> _WHAT IS BEING ASKED_: Print the lines below from the line with "Tall Folding Directors" to the line with "Enhance your dining" exactly, keeping both ends, and print no pictures.

> _AVAILABLE DATA_:
◇ ◇ ◇ ◇ ◇ ◇ ◇

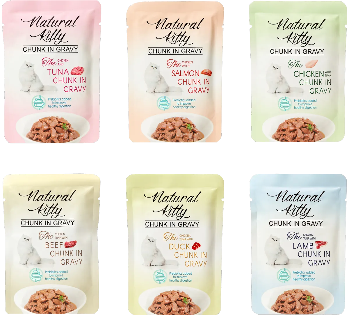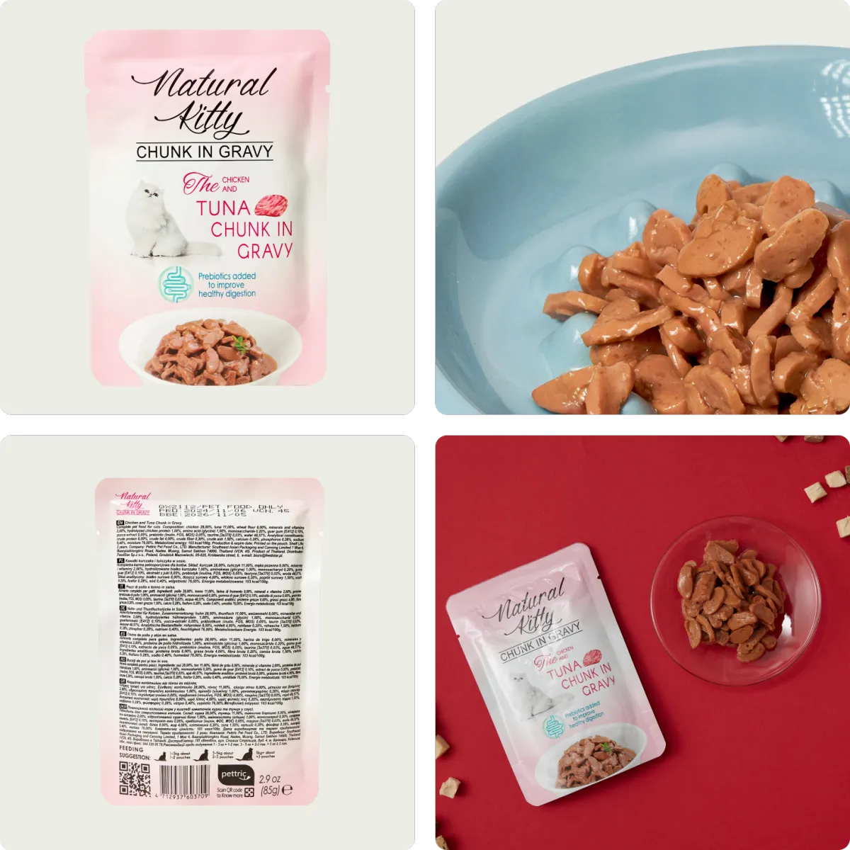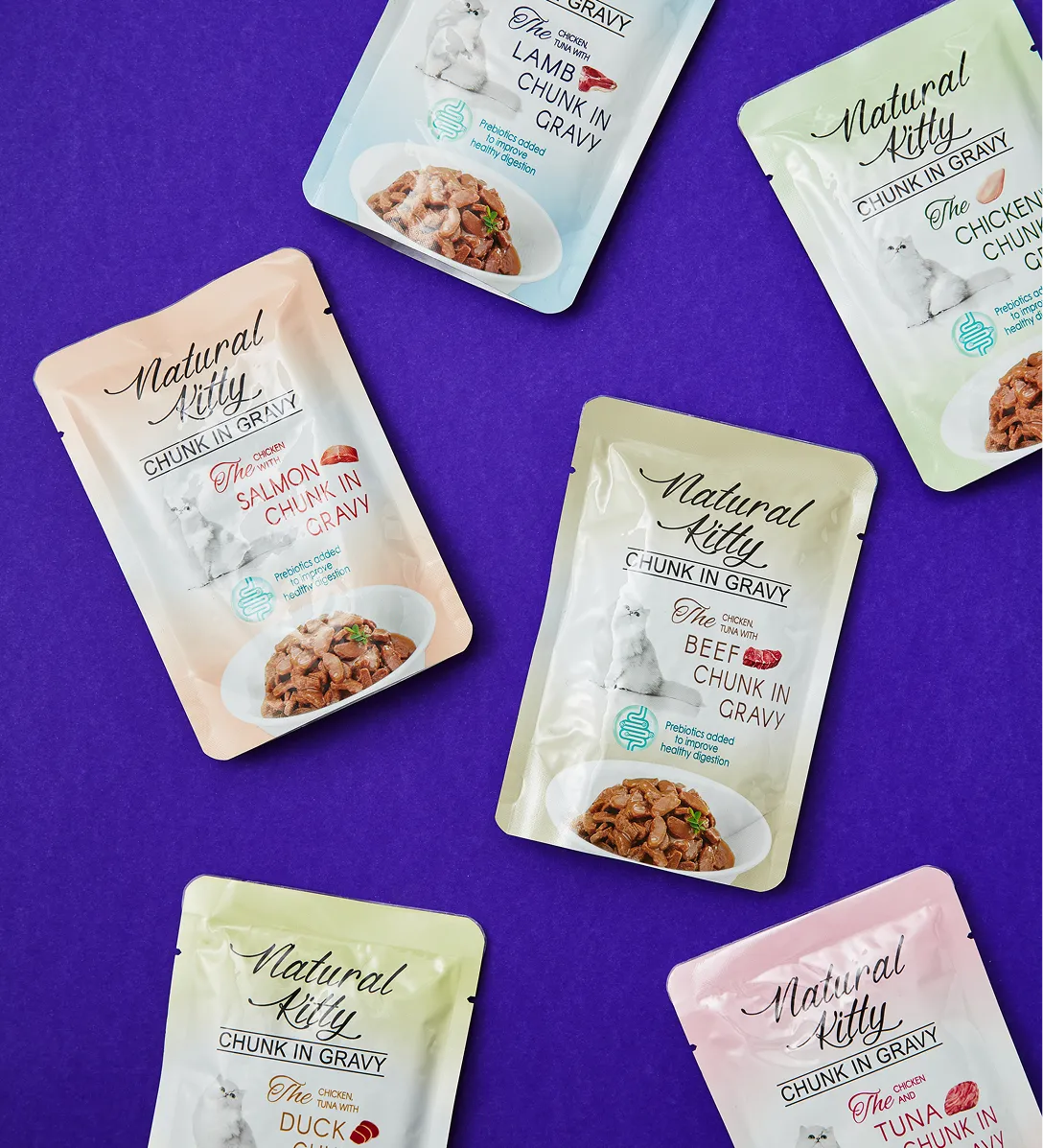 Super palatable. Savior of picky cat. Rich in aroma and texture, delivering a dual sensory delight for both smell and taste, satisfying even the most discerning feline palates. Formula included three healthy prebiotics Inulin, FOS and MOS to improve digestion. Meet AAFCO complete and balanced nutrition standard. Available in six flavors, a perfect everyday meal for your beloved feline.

◇ ◇ ◇ ◇ ◇ ◇ ◇

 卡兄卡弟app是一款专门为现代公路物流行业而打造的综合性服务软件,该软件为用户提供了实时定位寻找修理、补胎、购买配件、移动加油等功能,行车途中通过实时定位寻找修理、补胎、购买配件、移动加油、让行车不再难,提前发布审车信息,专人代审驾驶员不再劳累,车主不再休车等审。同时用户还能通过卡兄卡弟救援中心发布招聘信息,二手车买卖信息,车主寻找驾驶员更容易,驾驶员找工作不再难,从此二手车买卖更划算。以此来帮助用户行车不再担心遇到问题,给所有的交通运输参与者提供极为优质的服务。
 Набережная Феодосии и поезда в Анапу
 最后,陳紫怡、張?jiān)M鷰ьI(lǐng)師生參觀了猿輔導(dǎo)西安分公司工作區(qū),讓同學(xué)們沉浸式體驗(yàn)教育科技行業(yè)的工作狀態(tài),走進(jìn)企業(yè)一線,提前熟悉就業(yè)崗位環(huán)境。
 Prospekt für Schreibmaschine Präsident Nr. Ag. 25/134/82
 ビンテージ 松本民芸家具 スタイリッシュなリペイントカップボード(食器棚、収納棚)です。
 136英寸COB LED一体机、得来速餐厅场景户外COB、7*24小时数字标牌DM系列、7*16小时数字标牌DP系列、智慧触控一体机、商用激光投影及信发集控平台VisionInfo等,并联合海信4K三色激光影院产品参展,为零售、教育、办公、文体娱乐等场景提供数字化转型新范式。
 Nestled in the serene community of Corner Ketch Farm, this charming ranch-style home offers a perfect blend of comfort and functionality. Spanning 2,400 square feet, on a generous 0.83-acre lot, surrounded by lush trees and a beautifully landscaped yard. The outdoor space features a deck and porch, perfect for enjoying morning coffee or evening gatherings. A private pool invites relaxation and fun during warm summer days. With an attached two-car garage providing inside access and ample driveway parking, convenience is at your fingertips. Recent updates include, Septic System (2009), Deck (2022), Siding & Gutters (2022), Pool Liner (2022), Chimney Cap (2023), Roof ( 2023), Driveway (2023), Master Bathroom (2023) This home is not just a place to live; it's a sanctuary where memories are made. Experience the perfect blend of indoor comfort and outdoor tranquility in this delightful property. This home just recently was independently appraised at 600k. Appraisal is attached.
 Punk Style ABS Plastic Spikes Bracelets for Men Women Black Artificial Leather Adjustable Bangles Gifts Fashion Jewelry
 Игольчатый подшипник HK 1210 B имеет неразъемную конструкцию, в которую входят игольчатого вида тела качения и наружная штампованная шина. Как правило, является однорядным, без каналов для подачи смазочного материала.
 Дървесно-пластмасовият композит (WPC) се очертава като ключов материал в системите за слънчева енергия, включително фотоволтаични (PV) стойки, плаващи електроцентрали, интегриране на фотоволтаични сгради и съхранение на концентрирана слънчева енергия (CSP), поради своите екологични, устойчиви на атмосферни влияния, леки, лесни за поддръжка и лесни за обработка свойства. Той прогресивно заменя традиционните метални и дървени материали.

◇ ◇ ◇ ◇ ◇ ◇ ◇

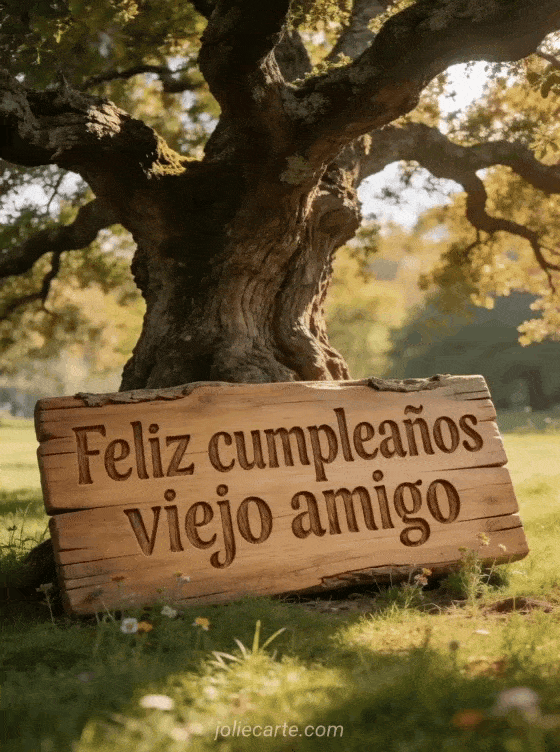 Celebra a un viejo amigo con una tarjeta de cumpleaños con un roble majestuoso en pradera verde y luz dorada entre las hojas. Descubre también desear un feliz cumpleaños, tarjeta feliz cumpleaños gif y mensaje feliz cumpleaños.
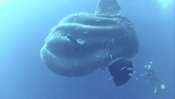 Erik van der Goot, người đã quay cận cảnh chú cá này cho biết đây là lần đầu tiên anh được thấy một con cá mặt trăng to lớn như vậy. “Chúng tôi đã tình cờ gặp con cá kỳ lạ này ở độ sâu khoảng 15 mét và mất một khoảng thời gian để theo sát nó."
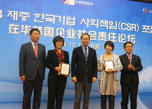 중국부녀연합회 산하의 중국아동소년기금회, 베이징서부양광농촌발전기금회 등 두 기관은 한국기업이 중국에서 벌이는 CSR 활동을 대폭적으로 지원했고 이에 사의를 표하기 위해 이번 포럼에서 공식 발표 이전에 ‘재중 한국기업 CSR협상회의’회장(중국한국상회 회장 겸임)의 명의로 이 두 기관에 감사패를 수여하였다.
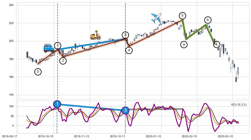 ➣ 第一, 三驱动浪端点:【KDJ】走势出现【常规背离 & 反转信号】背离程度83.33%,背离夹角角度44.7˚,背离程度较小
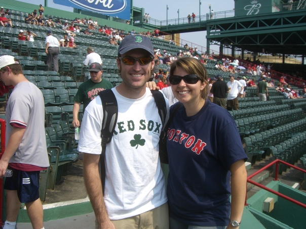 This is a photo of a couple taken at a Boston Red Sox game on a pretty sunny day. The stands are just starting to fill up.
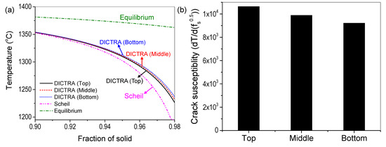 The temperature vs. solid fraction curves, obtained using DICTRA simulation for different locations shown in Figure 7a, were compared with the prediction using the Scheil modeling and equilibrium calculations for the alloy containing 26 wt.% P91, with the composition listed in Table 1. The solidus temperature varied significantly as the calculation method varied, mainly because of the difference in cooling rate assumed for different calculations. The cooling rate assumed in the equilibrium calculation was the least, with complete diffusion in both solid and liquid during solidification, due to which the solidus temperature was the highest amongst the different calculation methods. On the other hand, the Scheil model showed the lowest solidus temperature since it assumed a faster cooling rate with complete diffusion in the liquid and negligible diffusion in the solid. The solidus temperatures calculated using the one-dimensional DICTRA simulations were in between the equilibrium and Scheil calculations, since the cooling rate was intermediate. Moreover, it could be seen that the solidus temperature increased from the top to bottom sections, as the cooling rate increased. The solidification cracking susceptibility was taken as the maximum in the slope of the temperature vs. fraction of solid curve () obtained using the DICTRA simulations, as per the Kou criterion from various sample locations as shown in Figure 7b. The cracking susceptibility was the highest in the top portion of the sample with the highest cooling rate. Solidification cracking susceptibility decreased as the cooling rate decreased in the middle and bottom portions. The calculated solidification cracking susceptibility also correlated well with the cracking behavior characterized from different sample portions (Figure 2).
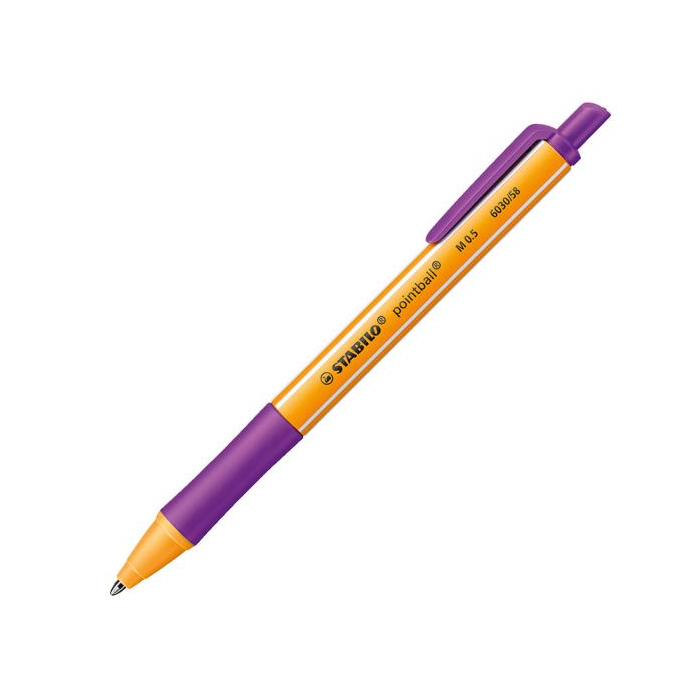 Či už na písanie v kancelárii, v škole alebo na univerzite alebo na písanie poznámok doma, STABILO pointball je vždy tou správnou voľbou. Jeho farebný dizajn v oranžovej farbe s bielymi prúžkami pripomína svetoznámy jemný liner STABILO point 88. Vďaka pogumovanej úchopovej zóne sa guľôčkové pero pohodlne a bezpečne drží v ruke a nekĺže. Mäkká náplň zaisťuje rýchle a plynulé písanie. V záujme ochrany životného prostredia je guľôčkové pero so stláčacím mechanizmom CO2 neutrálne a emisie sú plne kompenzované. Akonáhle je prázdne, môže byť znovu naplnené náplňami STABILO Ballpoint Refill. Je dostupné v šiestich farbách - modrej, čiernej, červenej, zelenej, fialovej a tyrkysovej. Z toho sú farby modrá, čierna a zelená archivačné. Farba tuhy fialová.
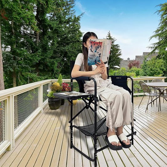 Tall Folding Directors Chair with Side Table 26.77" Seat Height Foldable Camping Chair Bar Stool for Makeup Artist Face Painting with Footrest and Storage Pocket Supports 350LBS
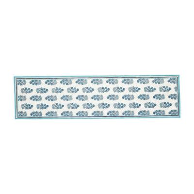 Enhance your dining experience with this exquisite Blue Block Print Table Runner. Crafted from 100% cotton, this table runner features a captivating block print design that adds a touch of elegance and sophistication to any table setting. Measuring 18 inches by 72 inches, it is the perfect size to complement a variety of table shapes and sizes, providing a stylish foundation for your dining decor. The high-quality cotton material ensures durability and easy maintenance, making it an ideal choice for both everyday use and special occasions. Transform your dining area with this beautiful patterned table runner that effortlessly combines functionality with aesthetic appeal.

◇ ◇ ◇ ◇ ◇ ◇ ◇

> _WRITTEN RESPONSE_:
 Tall Folding Directors Chair with Side Table 26.77" Seat Height Foldable Camping Chair Bar Stool for Makeup Artist Face Painting with Footrest and Storage Pocket Supports 350LBS
 Enhance your dining experience with this exquisite Blue Block Print Table Runner. Crafted from 100% cotton, this table runner features a captivating block print design that adds a touch of elegance and sophistication to any table setting. Measuring 18 inches by 72 inches, it is the perfect size to complement a variety of table shapes and sizes, providing a stylish foundation for your dining decor. The high-quality cotton material ensures durability and easy maintenance, making it an ideal choice for both everyday use and special occasions. Transform your dining area with this beautiful patterned table runner that effortlessly combines functionality with aesthetic appeal.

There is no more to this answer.